:: TASK STATEMENT ::
Write out exactly the lines of the entries below from the one holding "Bittensor 仍处于释放机制的过渡期,控制权正在从旧机制(SN0 或「root" to the one holding "Folic Acid Impurity 18 is chemically", inclusive, and leave out all other lines.

:: LISTED RECORDS ::

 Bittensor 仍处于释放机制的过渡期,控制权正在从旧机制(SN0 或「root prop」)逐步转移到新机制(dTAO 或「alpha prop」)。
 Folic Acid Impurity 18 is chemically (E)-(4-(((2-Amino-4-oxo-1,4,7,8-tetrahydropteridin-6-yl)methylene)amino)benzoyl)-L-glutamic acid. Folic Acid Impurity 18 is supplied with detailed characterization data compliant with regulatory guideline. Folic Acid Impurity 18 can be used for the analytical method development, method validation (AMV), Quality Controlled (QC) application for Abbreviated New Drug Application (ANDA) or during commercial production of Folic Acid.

* * *

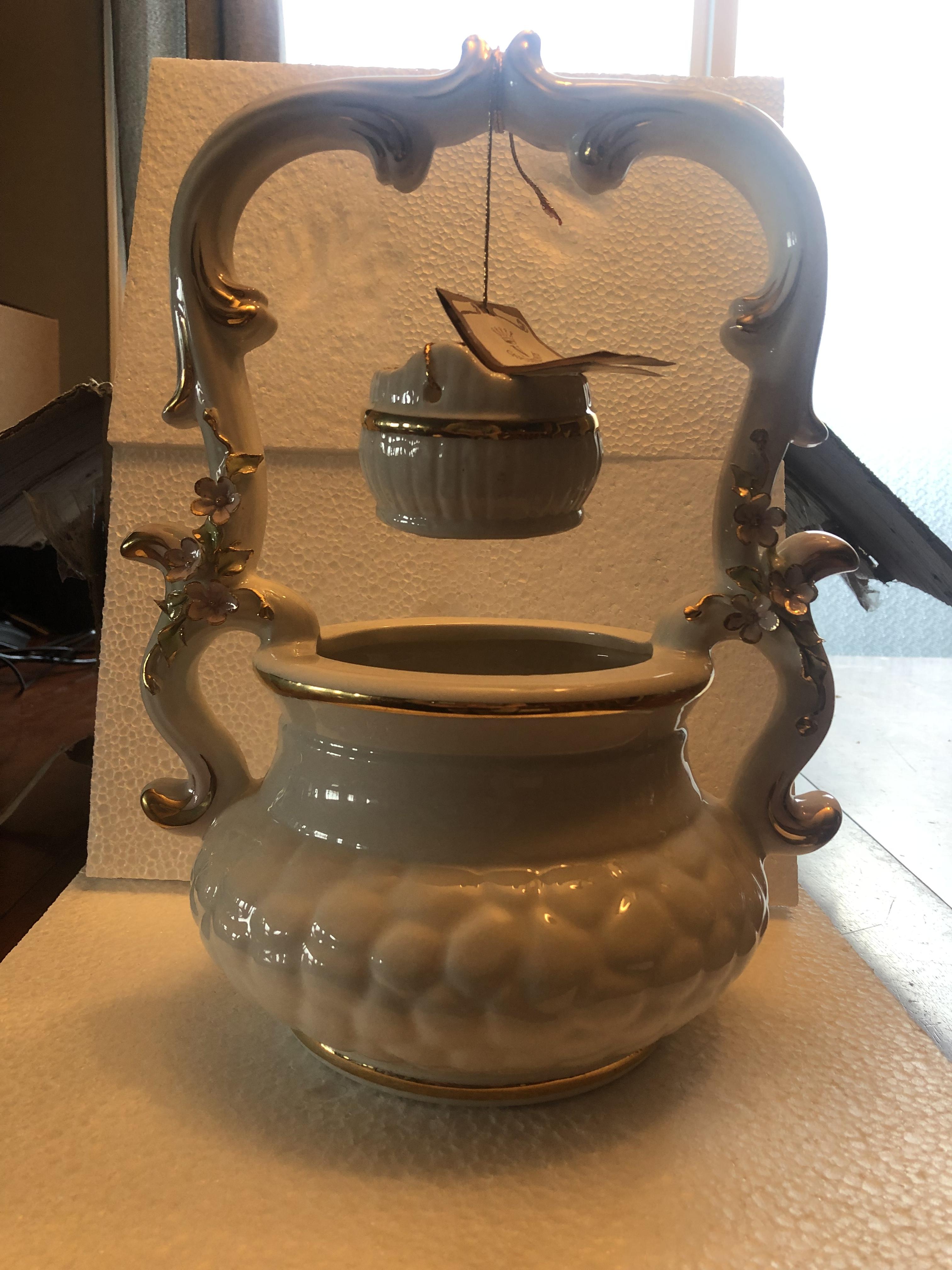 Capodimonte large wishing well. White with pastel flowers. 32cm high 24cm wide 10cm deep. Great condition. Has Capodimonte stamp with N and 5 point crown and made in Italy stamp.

:: ANSWER TO THIS TASK ::
 Bittensor 仍处于释放机制的过渡期,控制权正在从旧机制(SN0 或「root prop」)逐步转移到新机制(dTAO 或「alpha prop」)。
 Folic Acid Impurity 18 is chemically (E)-(4-(((2-Amino-4-oxo-1,4,7,8-tetrahydropteridin-6-yl)methylene)amino)benzoyl)-L-glutamic acid. Folic Acid Impurity 18 is supplied with detailed characterization data compliant with regulatory guideline. Folic Acid Impurity 18 can be used for the analytical method development, method validation (AMV), Quality Controlled (QC) application for Abbreviated New Drug Application (ANDA) or during commercial production of Folic Acid.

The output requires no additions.